Literary Fun With Text Mining

Standard

My wife is doing her PhD in political science on the topic of political interest groups and how they use social media to disseminate information and reach new audiences, and how they utilize this new(ish wow we’re old) medium to effect voting behaviour. Part of this has meant learning how to mine Twitter data and analyze it through the R programming language; in order to provide technical support and to have someone to troubleshoot coding issues, I’ve also been learning to use R to mine and analyze texts.

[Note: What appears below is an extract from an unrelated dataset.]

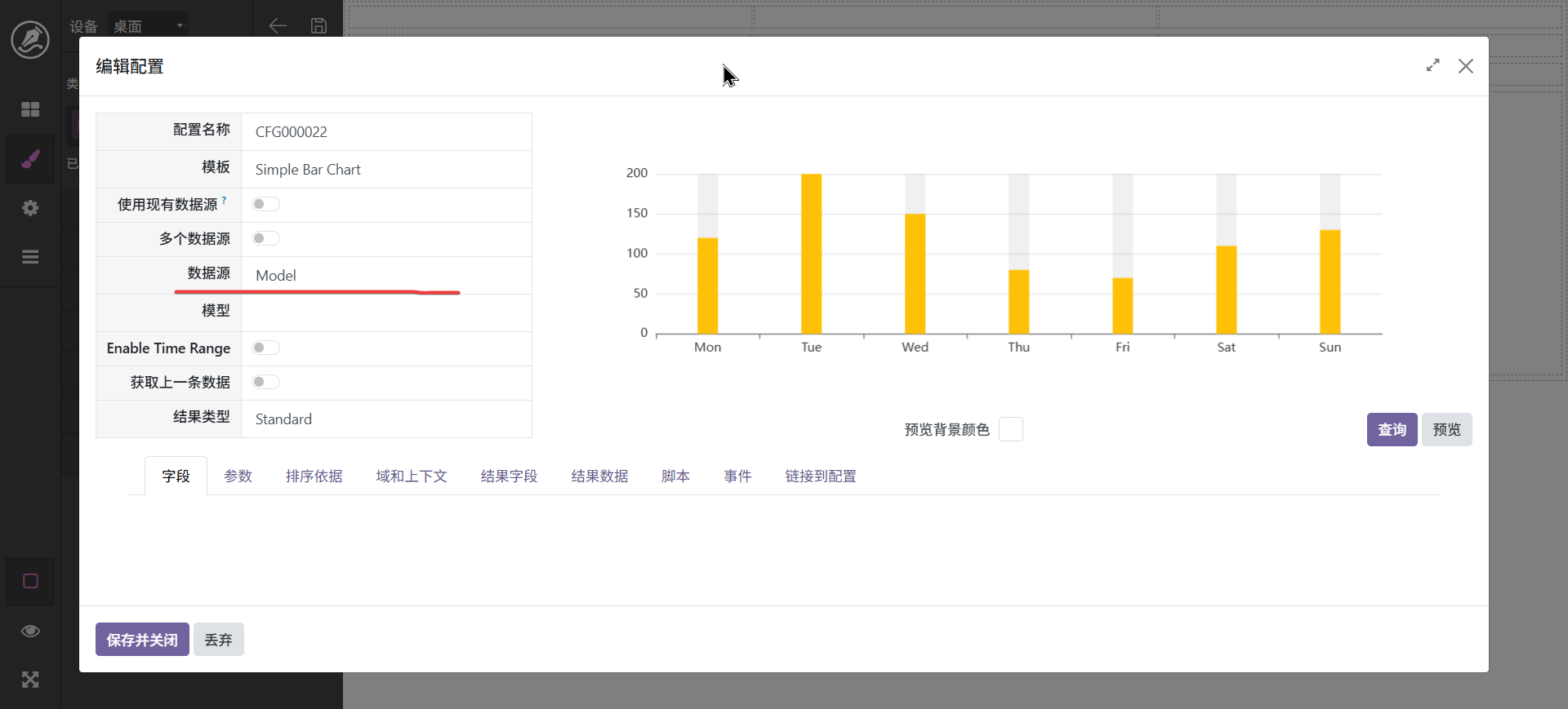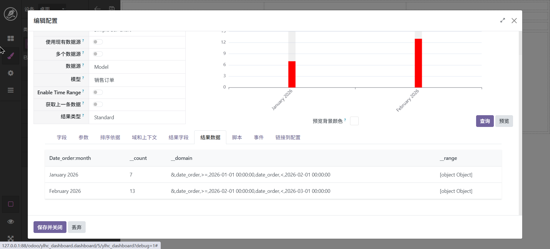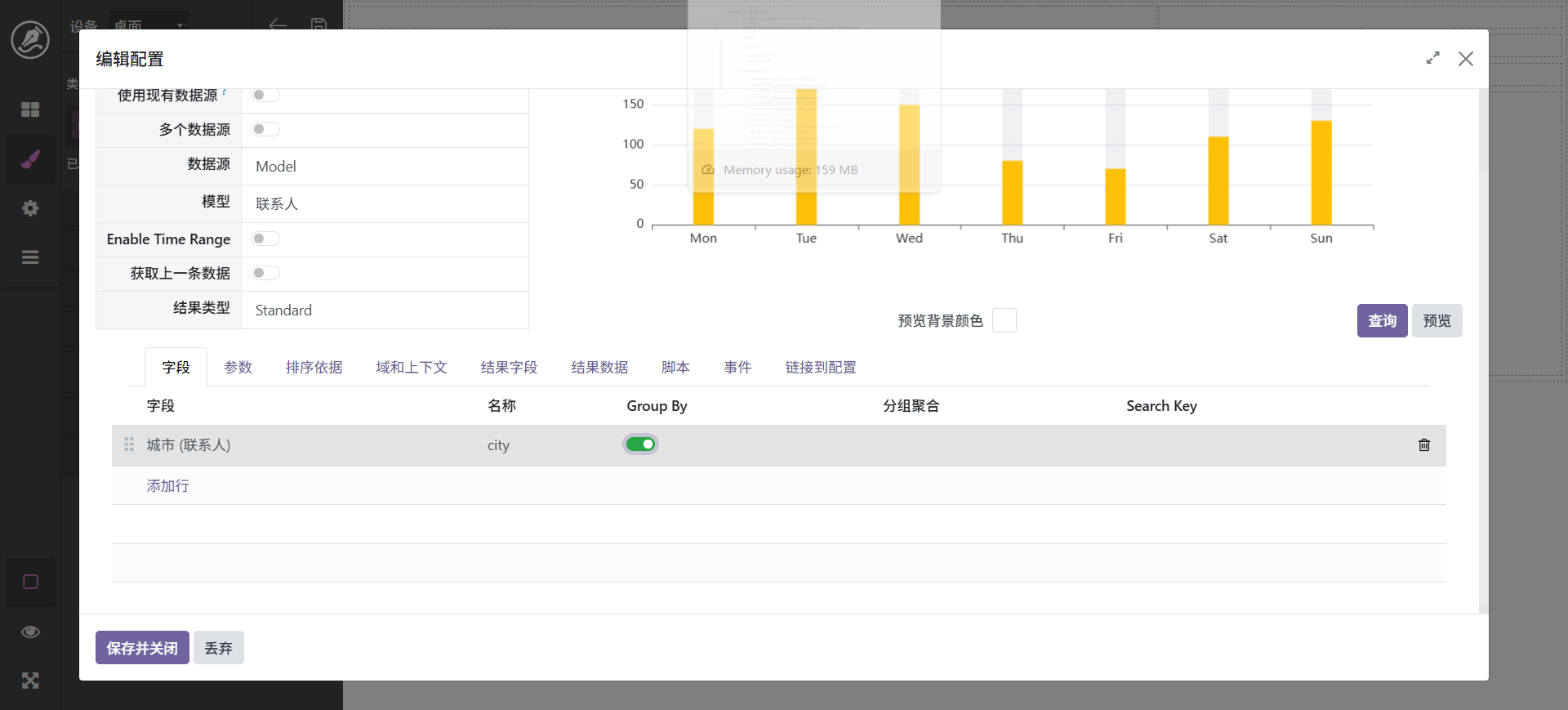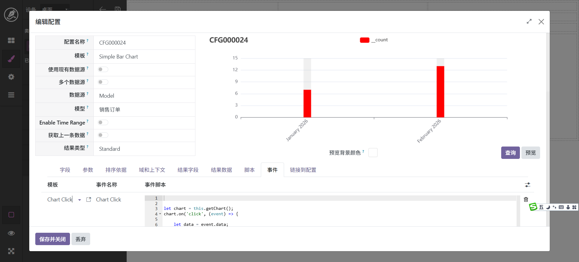 当然,也还可以进行其它调整,最终字段配置中可以设置字段别名,如_count可以显示为数量
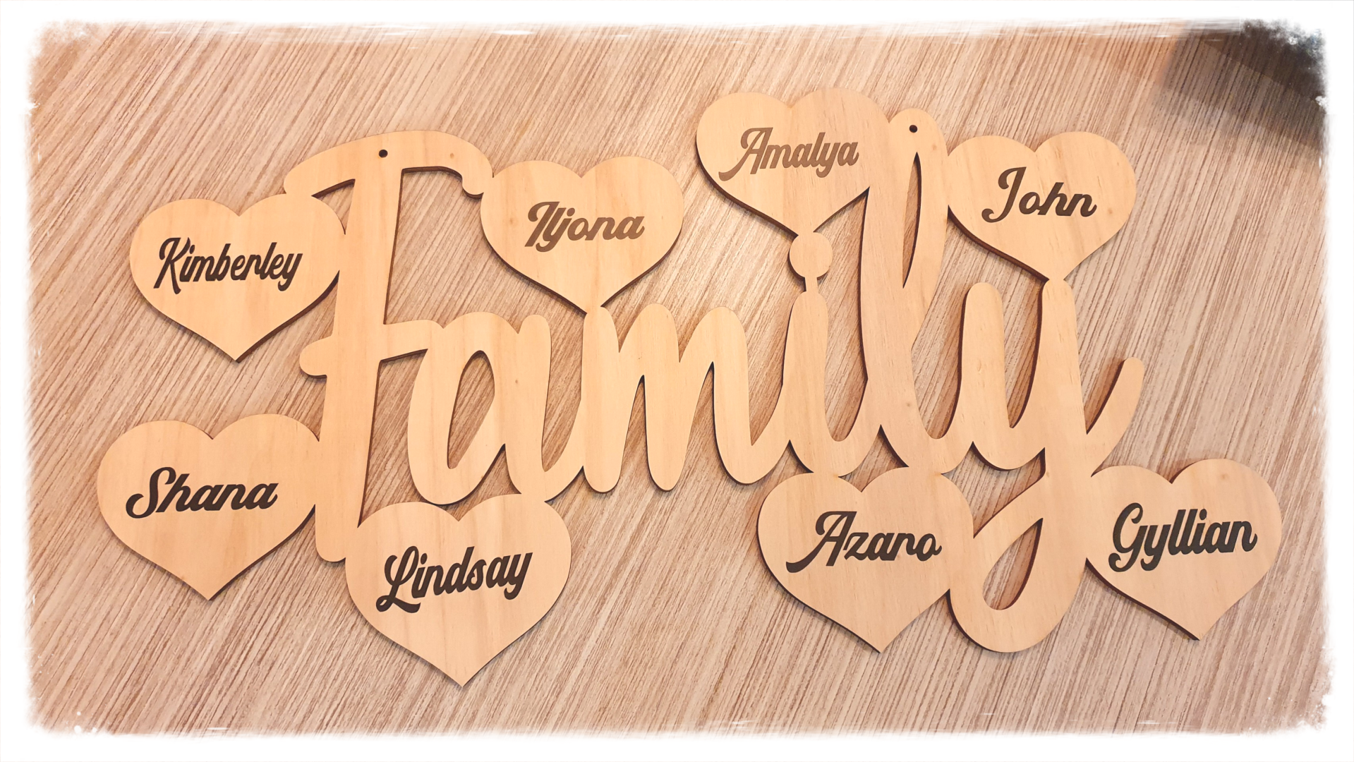Prachtige houten hanger (in naturel, wit of zwart) met alle namen van jouw familie. De namen worden bedrukt op de hartjes. Aantal hartjes naar keuze. Bij meerdere hartjes graag contact opnemen met ons.

What I’ve been concentrating on, in order to learn the language and the processes, is using it to mine and visualize data gathered from fictional texts, specifically the bibliography of Stephen King. What I want to do is to analyze plot trajectories drawn from sentiment data – quantitative measures of emotional sentiment words based on established dictionaries used for that sort of thing. Research questions on this would include things like: is there a pattern that King has for his plots, based on emotional language cues? Is this pattern, if any, different from other well-known horror writers? Furthermore, are there established “archetypal” emotional plot patterns for horror books, and do these patterns differ when you switch genres – say, to fantasy, military science fiction, paranormal romance, etc. etc. down the fracture lines of human experience.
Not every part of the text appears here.